2013 Türkiye’de isyanın yılı oldu, başkent Ankara da hem ODTÜ hem Tuzluçayır’ın uzun soluklu mücadele süreci ile bir isyan kenti haline geldi. Bu sıra dışı yılın ardından gelen 1 Mayıs ise son derece sıradan oldu. Emekçiler 1 Mayıs gösterisini sendikaların inisiyatifi ile her yıl olduğu gibi Gar’dan Sıhhiye’ye yürüyerek meydanda düzenledikleri miting ile gerçekleştirdiler. KESK, DİSK, TMMOB, ve TTB’nin çağrısıyla 11.00’de Gar’da toplanan binlerce kişi kortejler ve sloganlarla Sıhhiye Meydanı’na yürüdüler. Devrimci İşçi Partisi de işçi sınıfının gücünü topladığı gösteriye kendi pankart, bayrak ve sloganlarıyla katıldı. İsyan şehitlerine sözümüzün sosyalist dünya devrimi olduğunu haykırdı. İşçinin yumruğu indiğinde tüm kan emicilerin defolup gideceğini emekçilere ve gençliğe hatırlattı. Biz Yüzde 99’uz Platformu da yürüyüş esnasında “Tekel, Greif, Yatağan İsyanı Emekle Büyütelim” pankartı açtı.

Ankara’da Sıhhiye mitinginin haricinde iki ayrı 1 Mayıs eylemi vardı. Bunlardan ilki Tayyip Erdoğan ile yaptıkları görüşmenin ardından sendikaların düzenlediği mitingden çekilen Türk-İş tarafından gerçekleştirildi. Oldukça cılız bir kitleyle Tandoğan’da gerçekleştirilen eyleme rağmen birçok Türk-İş üyesi işçi bireysel olarak Sıhhiye mitingine katıldılar. İkinci eylem ise kimi sol örgütler tarafından gerçekleştirildi. Kolej yönünden Kızılay’a yürümek isteyenlere polis saldırdı. Sıhhiye mitinginin sonrasında DİP üyeleri de Kızılay’daki eyleme katıldılar. Polis şiddeti karşısında sürdürülemeyen eylem akşam saatlerinde sonlandı.

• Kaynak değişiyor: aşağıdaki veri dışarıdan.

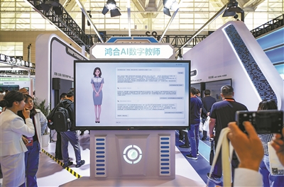 图为第85届中国教育装备展示会上展出的AI数字教师。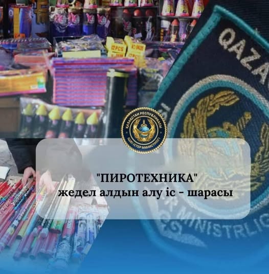 Қазақстан Республикасының «Азаматтық қорғау туралы» Заңына сәйкес, өрт қауіпсіздігін қамтамасыз ету қоршаған орта мен ұлттық құндылықтарды, азаматтардың денсаулығы мен өмірін, мүлкін қорғау мақсатында жаңа жылдың қарсы алу мен мерекелеу кезеңінде және азаматтық пиротехникалық заттарды пайдалану, сақтау және сату орындарында төтенше жағдайлар мен оқыс оқиғалардың алдын алу мақсатында, заңсыз рұқсатсыз пиротехникалық заттарды сауда саттық орындарда сатуға тиым салынатындығын ескертеміз.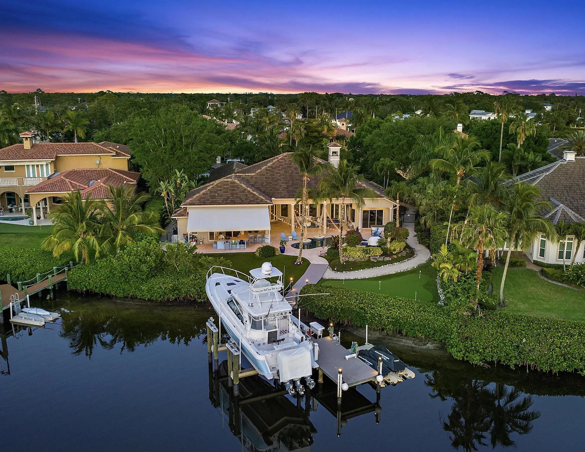 A boater's and entertainer's dream home! Experience waterfront luxury living with over 100 feet of Loxahatchee River waterfront! This stunning 4,336 sq ft home, situated on .68 acres, is dramatically updated inside and out. Open the front door into an expansive living room, overlooking a beautiful outdoor living area, complete with a custom pool/spa, expanded outdoor kitchen, turfed yard and putting green, and a recently rebuilt dock complete with a 40k lb lift. The primary suite features a split bathroom, whirlpool tub and sauna, and newly built out dual walk-in closets. With an updated kitchen, 2020 roof, refreshed guest rooms, and brand new beautiful climate controlled wine storage, this home truly has it all. Ocean/restaurants just a short boat ride away. Can be offered turnkey. |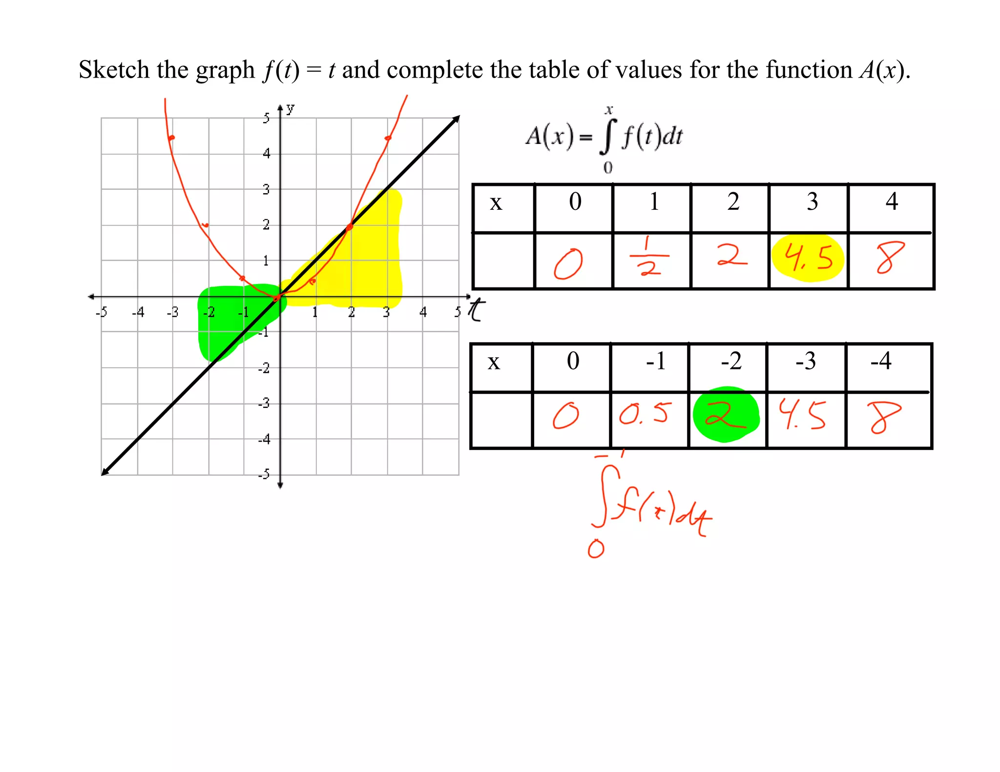 The document discusses accumulation functions and provides an example of sketching the graph of the function f(t)=t and using that to complete the table of values for the accumulation function A(x). It also mentions that the accumulation function will have the same domain as the integrand function and describes the sign convention used when the accumulation function makes sense for values left of the lower bound.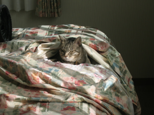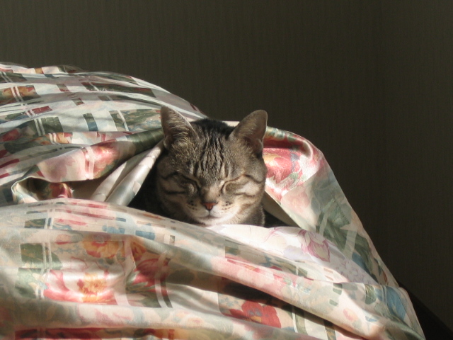 In other behaviour, domestic cats treat their humans like they did their mothers in kittenhood. That means no scratching or biting, and looking out for a share of any food on offer! Their territorial nature means that they can easily be trained to keep away from certain places - we didn't have much trouble dissuading our two from climbing into the butsudan, for instance. A loud voice, or a sharp tap on the nose, as cat mothers inflict, was quite enough sanction. On the other hand, it seems quite impossible to stop cats sampling food they come across on counter or table. Desert predators need to eat as much as they can at every opportunity that presents itself, for they may have to suffer long periods without. They just cannot understand that food may be available but forbidden! The only solution is to keep food out of their reach.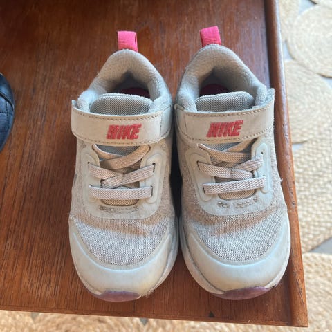 Svarte Nike joggesko i størrelse 25. litt slapp borrelås på ene skoen som kan fikses med litt lim, men ingen betydning for bruken.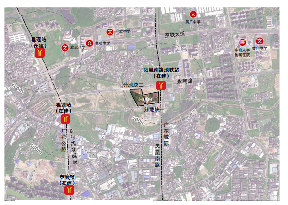 其中,广花公路东一(A3)地块紧邻凤凰南路地铁站(在建广花城际线),临近凤凰南路、永利路(在建)、空铁大道,驾车15分钟可达白云机场、广州北站。周边教育、医疗资源丰富,有广雅中学(花都校区)、黄广中学、雅瑶中学、中大附属医院等。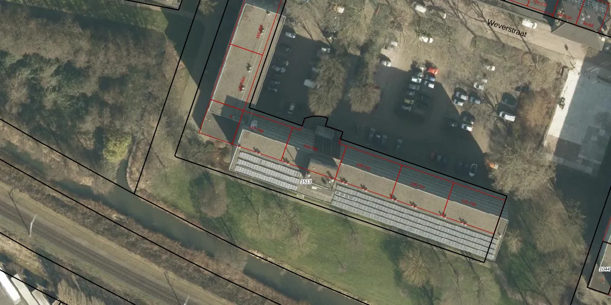Het perceel waarop Weverstraat 745 staat heeft een oppervlakte van 3172 m². Dit is een zeer groot perceel. De perceeloppervlakte wordt geregistreerd door het Kadaster. Gedetailleerde informatie over de maten van dit perceel kunt u vinden in het rapport Kadastrale kaart met maatvoering van Weverstraat 745.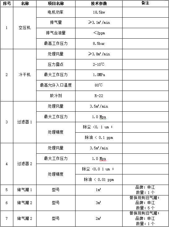 項目名稱:購置1套空壓機系統(約18.5kw,含配套冷干機、1m³氣罐、過濾器)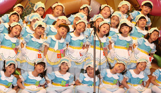 14일 전주 덕진종합예술회관에서 열린 제1회 푸른도시가꾸기 창작동요 대회에서 참가한 어린이들이 동요를 부르고 있다.

Ankara’da üç ayrı 1 Mayıs eylemi örgütlenmiş olması sorunlu bir durum oluşturdu. Kızılay Meydanı’na işçi sınıfının damgasını vuracağı, Taksim’in yanına eklenen, kitlesel ve militan bir 1 Mayıs eylemi isyan yılının ardından önümüzdeki dönemin mücadelelerine güç katabilirdi. Buradan çıkarılacak ders, gelecek yıllarda şehrin kalbinin attığı yer olan Kızılay’ı zapt edecek bir çalışmanın işçi sınıfı ve gençlik içinde erkenden örülmeye çalışılması olmalıdır.